En bas, sous le pont, on devine la vapeur blanche des locomotives. La gare Saint-Lazare, terminus des trains venant de Normandie — Rouen, Le Havre, les villes ouvrières et portuaires. Cette fumée monte dans le tableau. Elle rend l'air de Paris différent depuis vingt ans. Mais vue d'en haut, depuis le pont, elle est pittoresque. Elle fait de la texture, de l'atmosphère. Ce que le promeneur bourgeois voit comme une touche de modernité vaporeuse, les cheminots en bas le respirent toute la journée.
Caillebotte lui-même est fils d'un fabricant de tissu militaire. Fortuné. Il peut acheter ses toiles, travailler en grand format, ne jamais avoir à vendre. Ce n'est pas une faute — c'est une condition. Mais elle conditionne son regard. Le Pont de l'Europe est un tableau peint d'en haut, géographiquement et socialement. Les croisillons de métal ne sont pas une contrainte pour lui : ils sont une composition. Une aubaine graphique.
Un an plus tard, en 1877, Claude Monet peint la gare Saint-Lazare depuis l'intérieur — depuis le bas, depuis la vapeur. Même lieu. Regard inversé. On ne voit pas les promeneurs en haut-de-forme. On voit les verrières, la fumée, le mouvement des machines. Ce n'est pas que Monet soit plus proche des ouvriers. Mais son angle change ce que la peinture dit. Depuis le bas, l'industrie n'est plus un décor. Elle est partout, elle enveloppe, elle prend toute la place.

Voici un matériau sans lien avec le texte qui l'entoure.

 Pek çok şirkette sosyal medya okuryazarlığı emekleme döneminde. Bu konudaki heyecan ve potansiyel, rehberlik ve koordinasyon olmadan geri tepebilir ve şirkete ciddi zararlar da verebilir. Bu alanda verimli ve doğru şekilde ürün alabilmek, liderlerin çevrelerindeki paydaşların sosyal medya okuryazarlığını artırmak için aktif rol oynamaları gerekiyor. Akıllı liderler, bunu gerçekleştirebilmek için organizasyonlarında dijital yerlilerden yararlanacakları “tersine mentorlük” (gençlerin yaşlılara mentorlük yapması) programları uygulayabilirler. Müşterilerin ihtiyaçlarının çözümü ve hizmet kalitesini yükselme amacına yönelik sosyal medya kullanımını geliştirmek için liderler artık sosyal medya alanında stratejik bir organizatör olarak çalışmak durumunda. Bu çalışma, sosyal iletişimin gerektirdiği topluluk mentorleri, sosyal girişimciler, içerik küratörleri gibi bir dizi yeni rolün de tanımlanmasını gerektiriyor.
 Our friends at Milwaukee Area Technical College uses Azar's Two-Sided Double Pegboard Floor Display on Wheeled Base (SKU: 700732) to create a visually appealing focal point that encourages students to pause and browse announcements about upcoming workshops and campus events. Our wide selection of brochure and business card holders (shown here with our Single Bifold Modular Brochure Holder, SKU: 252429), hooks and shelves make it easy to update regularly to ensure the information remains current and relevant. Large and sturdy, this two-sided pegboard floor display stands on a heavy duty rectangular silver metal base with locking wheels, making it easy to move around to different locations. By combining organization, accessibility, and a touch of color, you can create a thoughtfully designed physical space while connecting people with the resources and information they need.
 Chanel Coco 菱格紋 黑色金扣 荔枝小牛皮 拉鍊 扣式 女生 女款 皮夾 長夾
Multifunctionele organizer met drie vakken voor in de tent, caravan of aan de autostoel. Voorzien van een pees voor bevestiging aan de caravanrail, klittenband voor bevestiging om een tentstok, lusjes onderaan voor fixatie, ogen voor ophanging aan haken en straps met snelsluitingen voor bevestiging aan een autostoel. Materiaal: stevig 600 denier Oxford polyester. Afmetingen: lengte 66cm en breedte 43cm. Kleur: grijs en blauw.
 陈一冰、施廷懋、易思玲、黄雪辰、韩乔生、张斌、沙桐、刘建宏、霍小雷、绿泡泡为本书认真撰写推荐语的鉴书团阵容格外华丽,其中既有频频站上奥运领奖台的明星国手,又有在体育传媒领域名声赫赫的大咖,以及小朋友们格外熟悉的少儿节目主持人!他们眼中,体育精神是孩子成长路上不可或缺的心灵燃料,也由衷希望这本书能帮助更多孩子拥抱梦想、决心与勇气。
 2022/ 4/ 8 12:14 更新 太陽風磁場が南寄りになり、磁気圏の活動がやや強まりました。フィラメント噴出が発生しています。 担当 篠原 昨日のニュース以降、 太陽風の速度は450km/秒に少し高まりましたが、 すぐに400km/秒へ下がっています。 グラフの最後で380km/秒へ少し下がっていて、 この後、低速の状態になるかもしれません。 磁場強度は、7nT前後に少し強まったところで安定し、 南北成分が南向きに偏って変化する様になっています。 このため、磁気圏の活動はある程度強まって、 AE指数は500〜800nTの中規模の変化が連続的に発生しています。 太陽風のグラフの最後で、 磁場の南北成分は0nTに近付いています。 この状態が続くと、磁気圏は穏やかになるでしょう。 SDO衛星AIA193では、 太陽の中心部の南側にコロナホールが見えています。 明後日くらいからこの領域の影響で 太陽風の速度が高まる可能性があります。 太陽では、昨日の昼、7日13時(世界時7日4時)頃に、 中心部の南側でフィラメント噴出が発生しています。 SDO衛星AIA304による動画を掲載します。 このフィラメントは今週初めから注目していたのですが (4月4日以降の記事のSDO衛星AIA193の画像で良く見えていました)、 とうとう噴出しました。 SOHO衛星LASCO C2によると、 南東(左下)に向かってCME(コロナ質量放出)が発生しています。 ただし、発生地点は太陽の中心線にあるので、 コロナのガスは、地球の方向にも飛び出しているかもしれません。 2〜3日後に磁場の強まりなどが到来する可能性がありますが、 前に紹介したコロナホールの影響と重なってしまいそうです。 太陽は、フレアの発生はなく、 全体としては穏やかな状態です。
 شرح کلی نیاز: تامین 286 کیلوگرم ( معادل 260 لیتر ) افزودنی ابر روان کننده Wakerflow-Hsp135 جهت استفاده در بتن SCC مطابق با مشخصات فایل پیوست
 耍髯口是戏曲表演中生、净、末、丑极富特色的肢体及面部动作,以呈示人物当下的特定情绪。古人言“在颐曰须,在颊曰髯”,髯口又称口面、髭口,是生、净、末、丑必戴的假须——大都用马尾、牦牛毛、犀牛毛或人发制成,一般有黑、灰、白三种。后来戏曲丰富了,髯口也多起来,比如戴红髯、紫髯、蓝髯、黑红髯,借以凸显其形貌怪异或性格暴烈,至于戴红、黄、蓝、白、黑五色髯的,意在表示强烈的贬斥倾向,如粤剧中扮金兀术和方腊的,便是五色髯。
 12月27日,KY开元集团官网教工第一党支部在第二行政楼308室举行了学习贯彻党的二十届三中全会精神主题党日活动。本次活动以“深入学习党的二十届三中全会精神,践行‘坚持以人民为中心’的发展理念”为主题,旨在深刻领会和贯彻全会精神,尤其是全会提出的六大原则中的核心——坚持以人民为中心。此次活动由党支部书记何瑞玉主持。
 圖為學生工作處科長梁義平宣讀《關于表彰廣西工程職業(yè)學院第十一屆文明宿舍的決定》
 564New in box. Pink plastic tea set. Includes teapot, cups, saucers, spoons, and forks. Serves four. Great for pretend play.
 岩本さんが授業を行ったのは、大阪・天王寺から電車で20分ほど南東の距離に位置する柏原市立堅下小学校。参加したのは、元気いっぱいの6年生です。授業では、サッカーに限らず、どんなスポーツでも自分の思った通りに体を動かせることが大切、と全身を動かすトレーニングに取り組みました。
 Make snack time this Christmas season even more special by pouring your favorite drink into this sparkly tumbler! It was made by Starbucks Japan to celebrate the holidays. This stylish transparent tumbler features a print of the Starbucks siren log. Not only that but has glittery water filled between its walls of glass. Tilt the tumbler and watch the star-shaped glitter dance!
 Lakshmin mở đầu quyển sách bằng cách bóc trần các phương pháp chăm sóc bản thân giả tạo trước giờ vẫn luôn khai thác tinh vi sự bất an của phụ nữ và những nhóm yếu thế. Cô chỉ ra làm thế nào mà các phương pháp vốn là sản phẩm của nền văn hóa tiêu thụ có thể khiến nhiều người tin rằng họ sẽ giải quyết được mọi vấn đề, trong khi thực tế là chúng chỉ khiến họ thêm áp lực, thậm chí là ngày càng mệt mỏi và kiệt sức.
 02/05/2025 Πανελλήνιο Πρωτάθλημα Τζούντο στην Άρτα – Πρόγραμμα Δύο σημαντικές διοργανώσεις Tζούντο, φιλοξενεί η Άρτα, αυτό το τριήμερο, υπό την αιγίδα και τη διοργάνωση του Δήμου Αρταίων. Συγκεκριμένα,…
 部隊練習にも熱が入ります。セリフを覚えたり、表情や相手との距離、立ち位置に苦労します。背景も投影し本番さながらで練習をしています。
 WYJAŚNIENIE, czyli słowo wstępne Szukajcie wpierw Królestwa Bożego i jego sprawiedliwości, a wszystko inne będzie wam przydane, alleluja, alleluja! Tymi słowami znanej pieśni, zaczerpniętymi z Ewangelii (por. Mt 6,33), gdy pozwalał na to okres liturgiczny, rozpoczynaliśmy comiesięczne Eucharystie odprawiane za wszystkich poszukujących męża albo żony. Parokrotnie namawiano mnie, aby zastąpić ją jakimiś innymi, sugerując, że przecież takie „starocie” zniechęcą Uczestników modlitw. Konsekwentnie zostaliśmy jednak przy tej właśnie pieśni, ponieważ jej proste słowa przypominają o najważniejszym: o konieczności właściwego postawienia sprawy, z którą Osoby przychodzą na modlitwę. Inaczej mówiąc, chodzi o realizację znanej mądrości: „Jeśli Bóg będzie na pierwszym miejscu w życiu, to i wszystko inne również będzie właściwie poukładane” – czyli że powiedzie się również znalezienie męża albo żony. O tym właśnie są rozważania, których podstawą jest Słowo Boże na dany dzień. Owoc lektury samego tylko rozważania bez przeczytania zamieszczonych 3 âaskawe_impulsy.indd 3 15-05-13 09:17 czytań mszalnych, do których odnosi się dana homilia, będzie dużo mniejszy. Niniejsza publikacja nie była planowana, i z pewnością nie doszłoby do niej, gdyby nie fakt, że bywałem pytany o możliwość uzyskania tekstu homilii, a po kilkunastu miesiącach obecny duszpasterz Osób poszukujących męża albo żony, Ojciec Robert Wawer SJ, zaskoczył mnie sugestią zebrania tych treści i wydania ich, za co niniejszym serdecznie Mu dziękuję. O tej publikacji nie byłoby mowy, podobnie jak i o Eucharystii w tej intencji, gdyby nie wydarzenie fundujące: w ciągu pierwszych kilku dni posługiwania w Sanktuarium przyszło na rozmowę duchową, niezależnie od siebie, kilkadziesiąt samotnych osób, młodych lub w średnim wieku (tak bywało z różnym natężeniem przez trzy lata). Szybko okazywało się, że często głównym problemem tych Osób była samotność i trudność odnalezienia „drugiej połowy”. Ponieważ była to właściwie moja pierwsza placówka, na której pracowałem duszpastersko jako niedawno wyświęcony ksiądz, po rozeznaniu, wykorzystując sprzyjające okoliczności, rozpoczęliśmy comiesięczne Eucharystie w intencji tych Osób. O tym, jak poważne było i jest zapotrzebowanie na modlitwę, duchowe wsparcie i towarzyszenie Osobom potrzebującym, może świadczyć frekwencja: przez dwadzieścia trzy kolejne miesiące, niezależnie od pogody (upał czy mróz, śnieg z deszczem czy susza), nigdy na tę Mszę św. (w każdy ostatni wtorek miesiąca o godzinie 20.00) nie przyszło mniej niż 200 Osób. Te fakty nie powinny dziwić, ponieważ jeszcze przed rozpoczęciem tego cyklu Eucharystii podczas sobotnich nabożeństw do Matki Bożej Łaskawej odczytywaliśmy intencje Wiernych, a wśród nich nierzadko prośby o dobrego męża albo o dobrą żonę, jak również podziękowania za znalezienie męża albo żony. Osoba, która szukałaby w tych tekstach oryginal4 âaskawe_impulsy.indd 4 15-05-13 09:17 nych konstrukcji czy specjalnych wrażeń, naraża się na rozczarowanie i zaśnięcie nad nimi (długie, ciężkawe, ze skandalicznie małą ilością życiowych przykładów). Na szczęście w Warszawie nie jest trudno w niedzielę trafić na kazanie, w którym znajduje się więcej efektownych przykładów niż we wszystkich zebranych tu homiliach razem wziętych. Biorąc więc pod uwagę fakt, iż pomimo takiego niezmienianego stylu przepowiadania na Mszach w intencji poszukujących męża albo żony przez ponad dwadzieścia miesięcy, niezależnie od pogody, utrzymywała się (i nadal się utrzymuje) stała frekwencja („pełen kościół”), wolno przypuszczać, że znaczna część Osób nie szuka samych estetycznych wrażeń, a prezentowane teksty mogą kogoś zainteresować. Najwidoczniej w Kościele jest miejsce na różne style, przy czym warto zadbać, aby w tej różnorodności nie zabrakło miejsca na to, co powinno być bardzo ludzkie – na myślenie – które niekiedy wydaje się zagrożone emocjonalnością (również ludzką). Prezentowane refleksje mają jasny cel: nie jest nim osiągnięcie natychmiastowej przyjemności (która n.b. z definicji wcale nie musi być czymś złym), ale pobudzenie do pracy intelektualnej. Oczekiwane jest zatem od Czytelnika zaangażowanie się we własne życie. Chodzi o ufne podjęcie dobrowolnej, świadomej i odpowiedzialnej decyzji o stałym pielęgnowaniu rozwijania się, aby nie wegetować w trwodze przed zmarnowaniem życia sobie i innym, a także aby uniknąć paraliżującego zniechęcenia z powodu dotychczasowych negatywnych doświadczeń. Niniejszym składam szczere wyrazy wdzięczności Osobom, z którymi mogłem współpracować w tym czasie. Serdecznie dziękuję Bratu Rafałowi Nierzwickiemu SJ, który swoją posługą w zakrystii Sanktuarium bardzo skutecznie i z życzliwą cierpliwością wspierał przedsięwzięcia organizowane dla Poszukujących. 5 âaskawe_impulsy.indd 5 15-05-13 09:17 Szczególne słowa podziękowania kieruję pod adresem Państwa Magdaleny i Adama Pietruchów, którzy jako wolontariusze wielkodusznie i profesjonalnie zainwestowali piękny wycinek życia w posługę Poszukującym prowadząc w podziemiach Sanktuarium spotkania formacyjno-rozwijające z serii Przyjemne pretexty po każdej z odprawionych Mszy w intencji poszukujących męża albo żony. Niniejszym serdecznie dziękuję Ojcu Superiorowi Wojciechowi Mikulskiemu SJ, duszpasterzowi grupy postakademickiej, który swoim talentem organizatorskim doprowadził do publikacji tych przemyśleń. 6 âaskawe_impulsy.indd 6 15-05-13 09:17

Le Pont de l'Europe fait quelque chose de très précis : il met le travail industriel en arrière-plan, littéralement. La vapeur, le métal, les voies — tout ça recule pour laisser avancer les corps élégants. C'est un choix de composition. Mais c'est aussi un choix de représentation du monde. Désigner la modernité industrielle comme décor pour la flânerie bourgeoise, c'est décider qui compte dans la ville et qui traverse sans qu'on le voie vraiment.
En 1876, Caillebotte a vingt-huit ans. Il expose cette toile à la deuxième exposition impressionniste. La critique la remarque. On salue l'audace du cadrage, le vertige de la perspective, la rigueur géométrique. Ce que personne ne dit alors — et que nous pouvons dire maintenant — c'est que ce vertige, c'est aussi celui d'un regard de classe posé, du haut d'un pont de fer, sur un monde que d'autres ont construit.